Structural Research of Photosystem+Light-Harvesting Complex Supercomplex
During oxygen-producing photosynthesis, photosystems II (PSII) and I (PSI) operate in tandem for light-driven electron transport. Both photosystems contain a core and a peripheral antenna system. In plants, the peripheral antenna consists of the light-harvesting complex (LHC). LHCI and LHCII are connected to the PSI and PSII cores, respectively, to form the PS-LHC complex. Upon preferential PSII excitation, part of LHCII is phosphorylated and binds to PSI. The structural analysis of the PS-LHC complex is essential for revealing the energy transfer pathway between the antenna and the PSI core.

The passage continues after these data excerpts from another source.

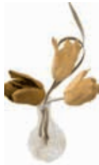
季節の花「チューリップ」を作ります。
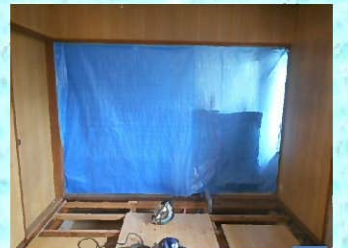
養生をしっかり行ってから工事にかかります
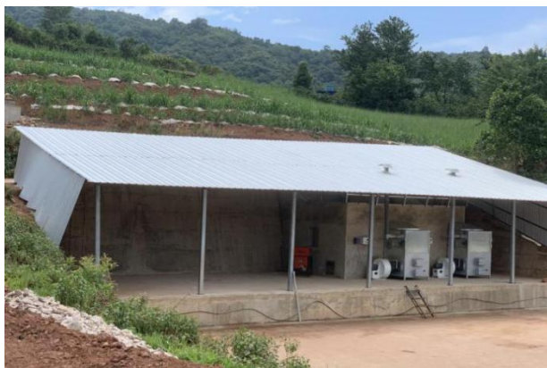
信岗村仓库及透明晒场 300 m 2 及 2 台烘干机建设
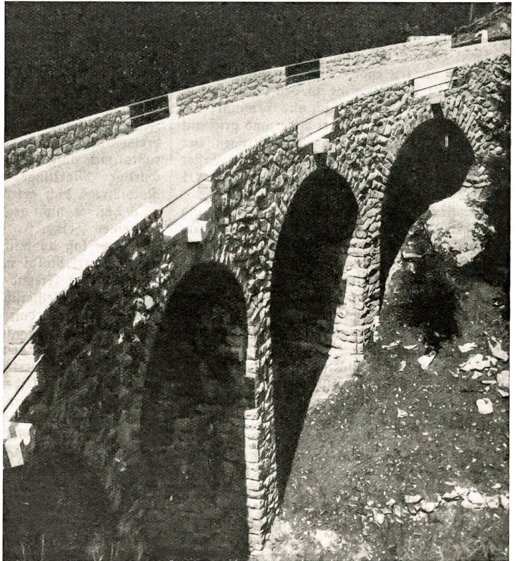
Bau der Sustenstraße.

Langsam versorgte Noldi das Büchlein in der Kitteltasche. Und, aufschauend, begegnete sein Blick plötzlich demjenigen des Huber Franz. „Aber gelt, dich habe ich gebodigt“, triumphierten überlegen Noldis Augen. „Vor der Nase weggeschnappt habe ich dir den Bänz — und die Ehre als Ersten damit.“
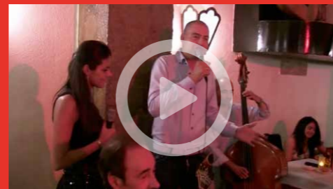
VIDEO: Zing voor me
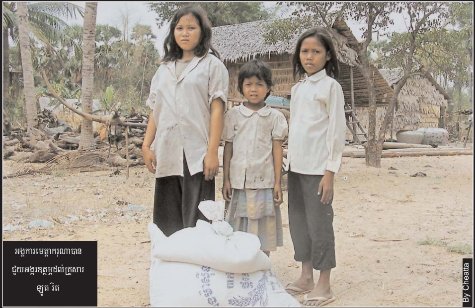
អង្គការមេត្តាករុណាបាន ជួយអង្វរឧត្តម្តជនគ្រួសារ ឡូត វិត

ពោរពេញទៅដោយកំហឹងដល់ជនដែលគ្មានចិត្តមេត្តាធម៌ បន្តិចសោះនោះ ។ ភ្លាមៗនោះផងដែរក្រុមគ្រួសារបាន រាយការណ៍ទៅប៉ូលីស ភូមិ ឃុំ ស្រុក ខេត្ត រហូតដល់ម៉ោង ១១ យប់ទើបប៉ូលីសបានពិនិត្យសាកសពនិងពេទ្យធ្វើកោស- ល្យវិថីយជាលទ្ធផលឃើញថាក្មេងស្រីនេះត្រូវគេរំលោភមែន បន្ទាប់មកសំណប់ដើម្បីបំបាត់ភស្តុតាង ។ សពនេះត្រូវរក្សា នៅកន្លែងកើតហេតុរហូតដល់ពេលព្រឹកទើបសាច់សារ លោហិតយកមកកំលាំងទុកលើគ្រែព្រាមជិបូលប្រក់ស្លឹក
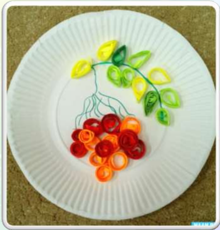
Подарок для любимой мамочки
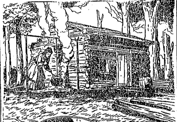
，活生的荒開是的過。裏子房的塔頭木用間一在長生肯林(1) 。情同的人對和氣勇，立自出鑽練
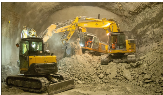
Ausbruch- und Schutterarbeiten erfolgen in der Kaverne auf engstem Raum

Ausgangslage: Das CERN, die Europäische Organisation für Kernforschung baut seinen grossen Teilchenbeschleuniger den Large Hadron Collider (LHC) aus. Nach dem Ausbau und der Inbetriebnahme des High Luminosity Large Hadron Collider (HL-LHC) im Jahr 2026 erhoffen sich die Forscher in einen neuen Bereich der Teilchenphysik vordringen zu können. Der Ausbau kostet rund 930 Millionen Schweizer Franken.
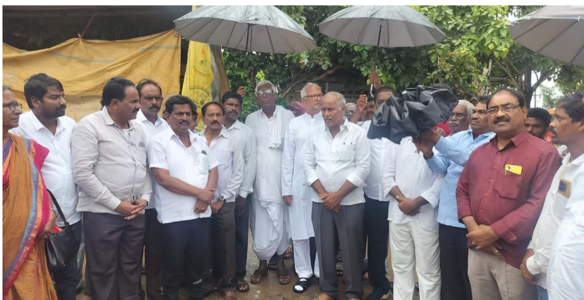
ఖమ్మం ప్రతినిధి, సెప్టెంబర్ 8, ప్రజా జ్యోతి
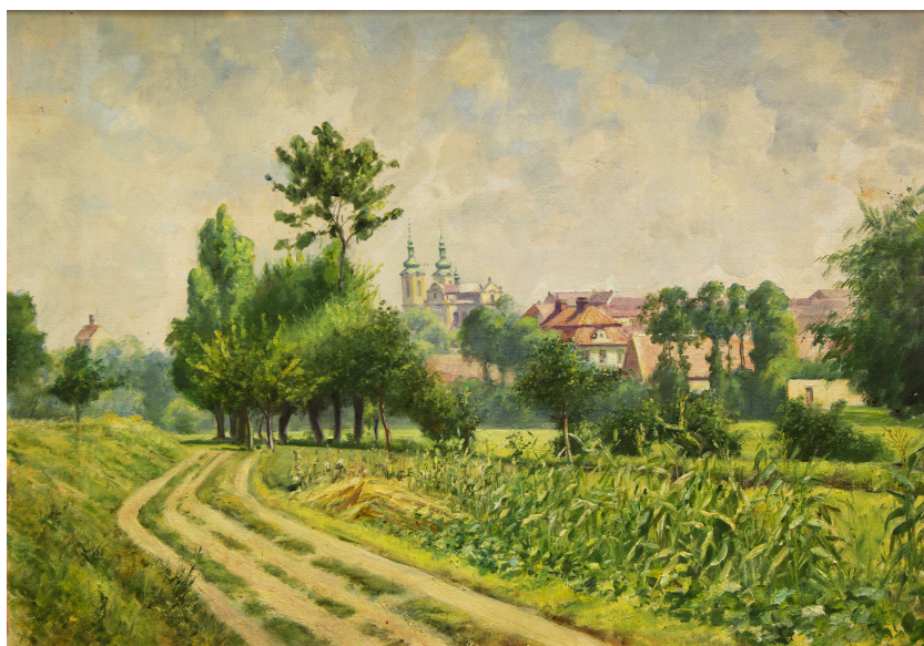
Zlonice od višňovky

A něco hezkého nakonec: na vernisáži jsem zaslechla od jednoho návštěvníka, že existují další Tomanovy obrazy. Takže nic nekončí. Pokud se najde nějaký další nadšenec a bude pátrat dále, je možno využít 120. výročí narození Václava Tomana a uspořádat pokračování v roce 2016. Je to sice až za čtyři roky, ale čas běží velmi rychle. Ještě jednou díky všem.
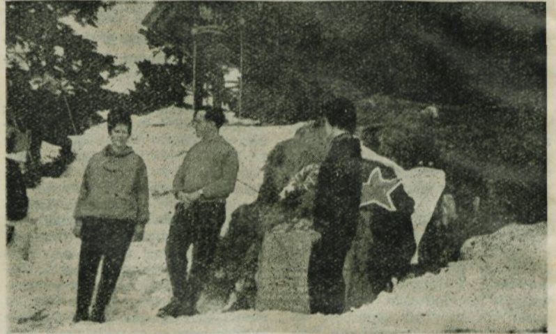
Tekmovalci pri polaganju venca
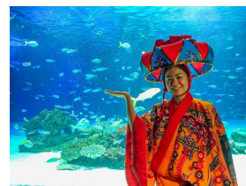
南国の浅瀬をイメージした大水槽 「サンシャインラグーン」

サンゴプロジェクト詳細はこちら▶ https://sunshinecity.jp/file/aquarium/coral_project/
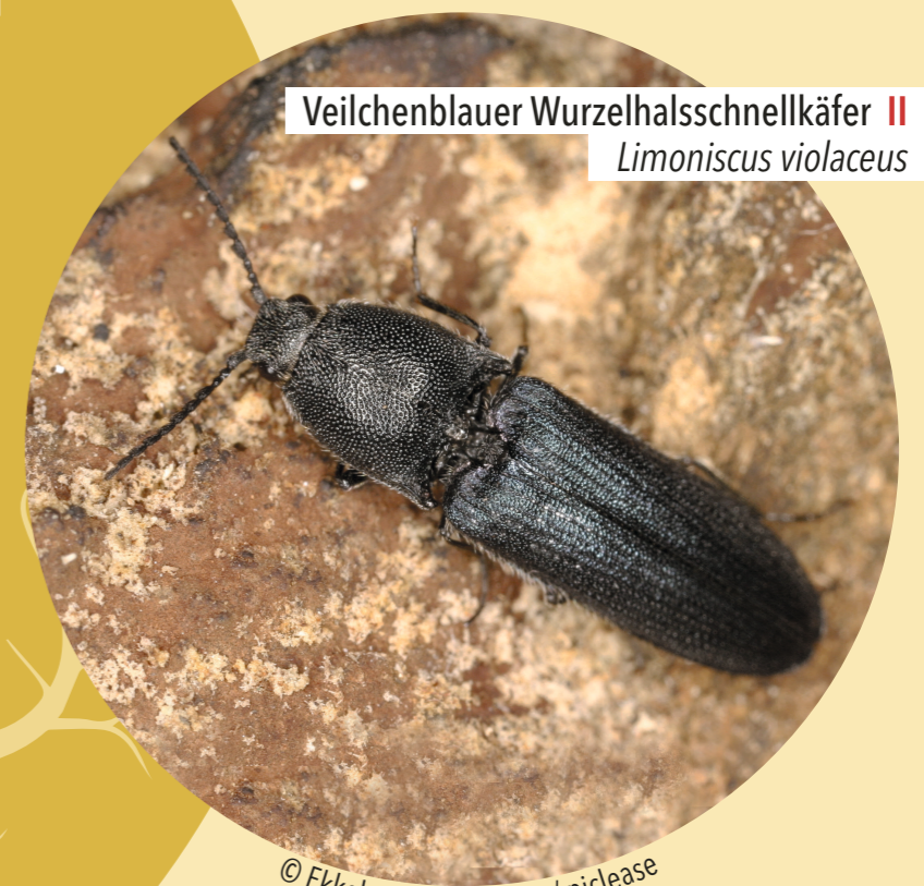
Veilchenblauer Wurzelhalsschnellkäfer II Limoniscus violaceus
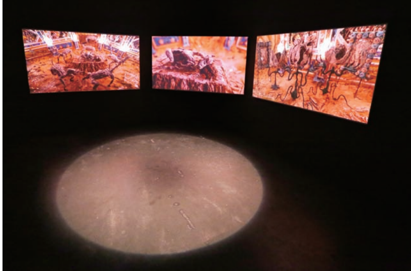
張徐展 「紙人展一房間」系列〈靈靈壹〉 2014 三頻道動畫錄像、空間裝置

在台北數位藝術中心，要進入展場前得先穿越一段狹長的走道，還沒轉進展間即會看到不斷旋轉的紙偶投影。黝暗的通道中，觀者只能看到一方昏黃的燈光襯著墨色的影子，那影子像是幽靈、亦是連結展場內外的隘口。在第一個展間內播放的是三頻道偶動畫「紙人展一房間」系列〈零零壹〉，場景結合臟器般的山洞與紙紮樓房常見的欄杆牌樓，形成一個未明而曖昧的場域。祭壇上躺著一隻病懨懨的狗兒，三隻不知名的生物不斷地繞著祭壇轉圈，狗兒時睡時醒；帶有儀式性的場景和配樂中吟唱的
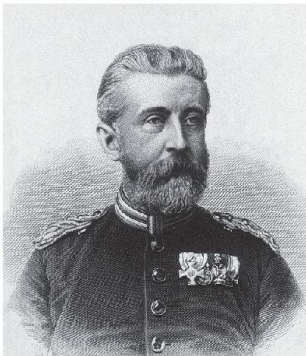
Friedrich von Esmarch kümmerte sich um die Erste-Hilfe-Ausrüstung der Soldaten.

Nach dem Tod seiner ersten Frau heiratete Esmarch Prinzessin Henriette von Schleswig-Holstein. 1887 wurde er für seine Verdienste geadelt. Seine späte Arbeitsphase war überschattet von privaten und fachlichen Auseinandersetzungen, die seinem öffentlichen Ansehen schaden. Er starb 1908 in Kiel.
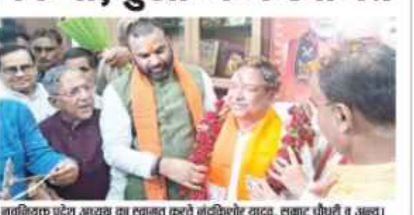
मल्लिगुफ्ट प्रदेश अध्यक्ष का स्वागत करते मल्लिगुफ्ट वरद, सभाट चौधरी व अन्य।

AGENCY PATNA : बिहार प्रदेश भारतीय जनता पार्टी (भाजपा) के नवनिर्वाचित प्रदेश अध्यक्ष दिलीप जयसवाल का सोमवार को दिल्ली से पटना पहुंचने पर भव्य स्वागत किया गया। मल्लि स्वगत के बाद दिलीप जयसवाल ने भाजपा कार्यालय में अपना पदभार ग्रहण कर लिया है। भाजपा कार्यालय में उन्हें चांदी का मुकुट भी पहनाया गया है। पार्टी कार्यालय में स्वागत की जनरल देवारी की गई है। बड़ी संख्या में महिला कार्यकर्ता भी पहुंची हैं। लोक-नगड़े से उनका बार्द स्वागत किया गया। इससे पहले दिलीप जयसवाल दिल्ली से पटना एयरपोर्ट पहुंचे। वहां स्वागत के लिए डिप्टी सीएम विजय सिन्हा और सभाट चौधरी भी पहुंचे थे। एक ही मंजूर पर नए प्रदेश अध्यक्ष समेत दोनों डिप्टी सीएम भी नजर आए। पटना एयरपोर्ट से भाजपा कार्यालय के बीच कई जगहों पर स्वागत भी
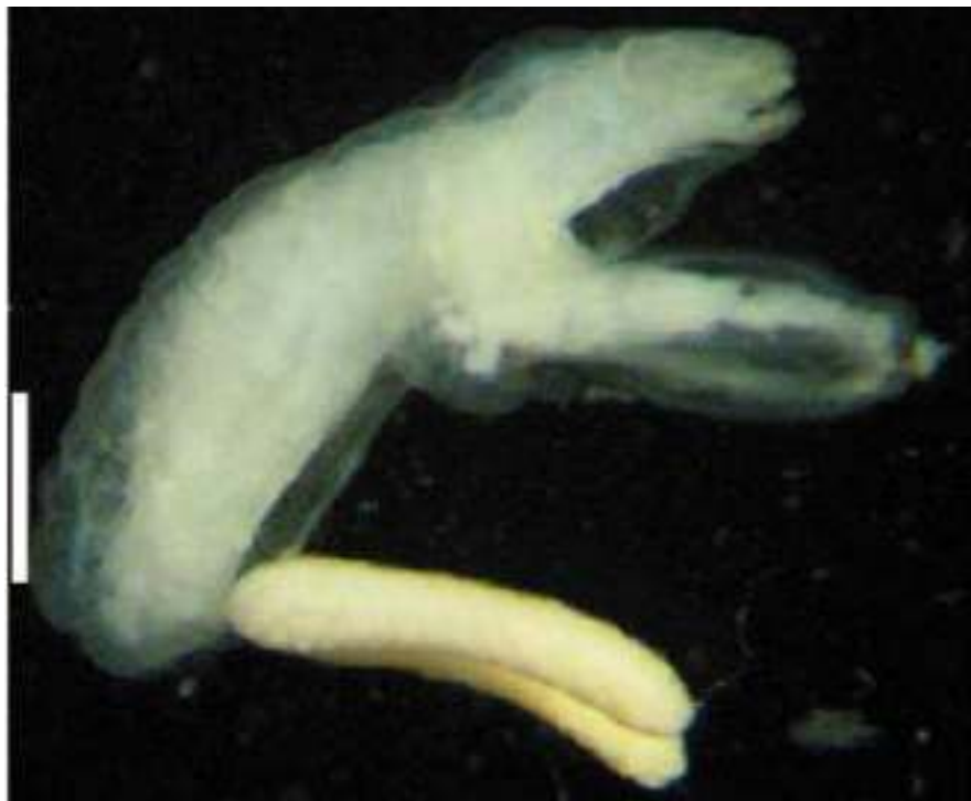
Gambar 2. Perbandingan morfologi pada A. Thysanote chalermwati dipertelakan oleh Piasecki et al. , 2008 dan B. Thysanote sp. ditemukan oleh Yuniar, et al. 2007. Garis skala: A. 0,5 mm; B. 1,5 \mu m (A; Piasecki et al. , 2008, B ; Yuniar et al. , 2007)
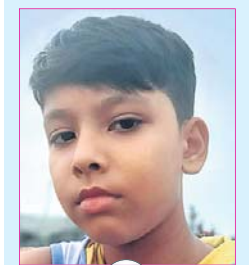
ସ୍ତୋତ୍ରୀ ସତ୍ତ୍ୱଳା କ୍ଲାସ୍-୭, ସ୍ୱାଇଲ୍ ଫିଲ୍ମ ଗ୍ଲୋବାଲ ସ୍କୁଲ, ବେଙ୍ଗାଲୁରୁ
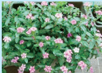
「人権の花」を育てよう!! (区立小学校の児童が育てた「日々草」)
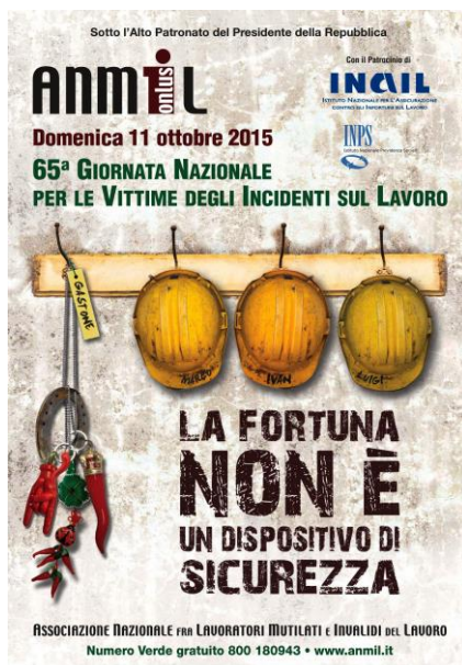
Il manifesto dell'Anmil
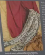
Bandiera della famiglia Benetton - 1861/1928 Benetton & C. S.p.A. - 1861/1928

Il 1861 è l'anno di nascita della grande industria tessile italiana. In questo anno si fonda la S.p.A. di Alessandro Benetton, che dà il nome alla grande casa di moda che si svilupperà nel tempo. Benetton & C. S.p.A. nasce in un momento di grande fermento industriale e commerciale. La famiglia Benetton è una delle più importanti famiglie industriali italiane. La grande industria tessile italiana si sviluppa in questo periodo. Benetton & C. S.p.A. è una delle più importanti aziende italiane. La grande industria tessile italiana si sviluppa in questo periodo. Benetton & C. S.p.A. è una delle più importanti aziende italiane.
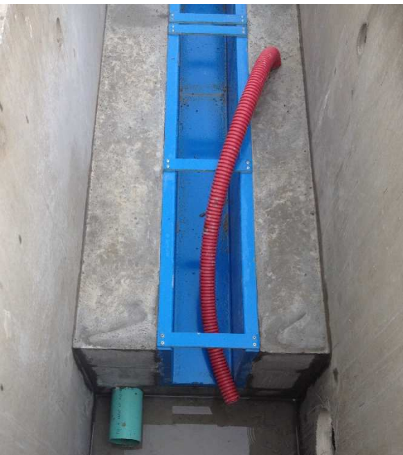
Canal de comptage avec scellement du venturi
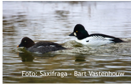
Bucephala clangula, Brilduiker
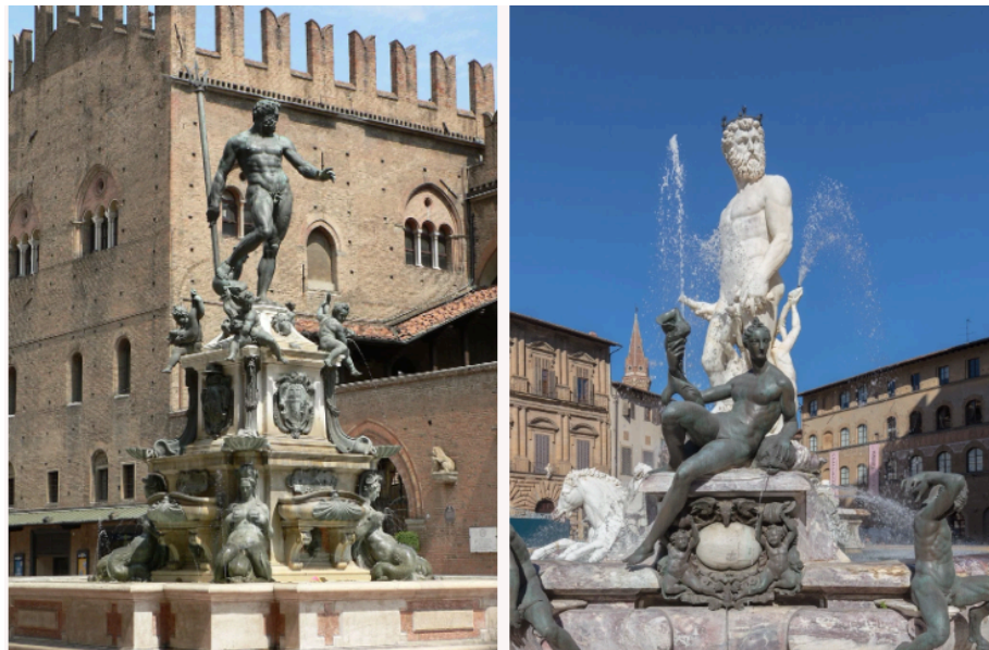
Fuente de Neptuno de Bolonia / Fuente de Neptuno de Florencia.

Sin embargo, será en la Fuente de Neptuno en Florencia donde se exaltan con mayor libertad las figuras contorsionantes. Autoría de Batolomeo Ammannati (1511-1592), fue seleccionada en un concurso frente a los diseños de Cellini y Juan de Bolonia para ser colocada en el Palazzo Vecchio de Florencia.
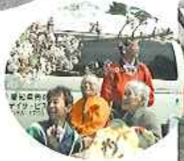
▲桜がこんなに近くに！
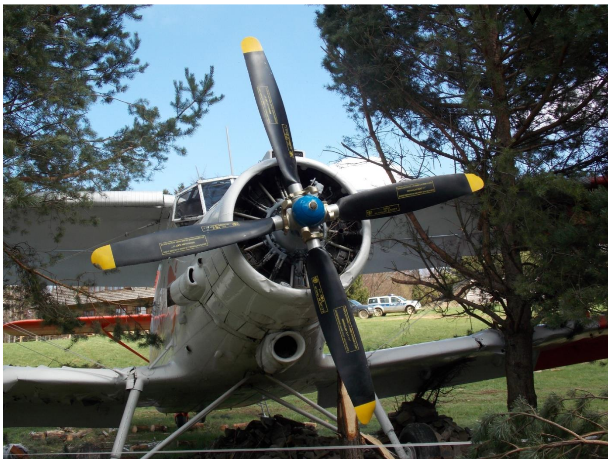
Rys. 4. Widok samolotu od czola. Na pierwszym planie uszkodzone śmigło.

Structural analysis of PSI-LHCI supercomplexes
A total of three types of PSI-LHCI have been reported, two of which are supercomplexes with 10 Lhca proteins (PSI-10Lhca), while the other lacks the heterodimeric Lhca2/Lhca9 proteins (PSI-8Lhca). PSI-10Lhca and PSI-8Lhca structures are reconstructed by 3D cryo-electron microscopy (cryo-EM) at 2.9 Å and 3.1 Å resolution. The structures show that the four LHCI proteins (Lhca1-4) form two heterodimers, Lhca1/Lhca4 and Lhca2/Lhca3, which further form a heterotetramer that binds to the PSI core at the PsaF/PsaJ site, and the termini are stabilized by binding to PsaG and PsaK, respectively.
Progress in the structural research of PSI-LHCII supercomplexes
In plants, the transition from state 1 to state 2 is characterized by the formation of the characteristic PSI-LHCII supercomplex. The researchers analyzed the typical structure of PSI-LHCII by single-particle negative-staining electron microscopy (EM). where a single LHCII trimer binds to the PSI core on the PsaK side and attaches to the Lhca subunit. It was found that the transmembrane regions of PSI-LHCI and LHCII are not coplanar but form an angle of about 10°.
Figure 1. The maize PSI-LHCI-LHCII supercomplex. (Pan X, et al., 2018)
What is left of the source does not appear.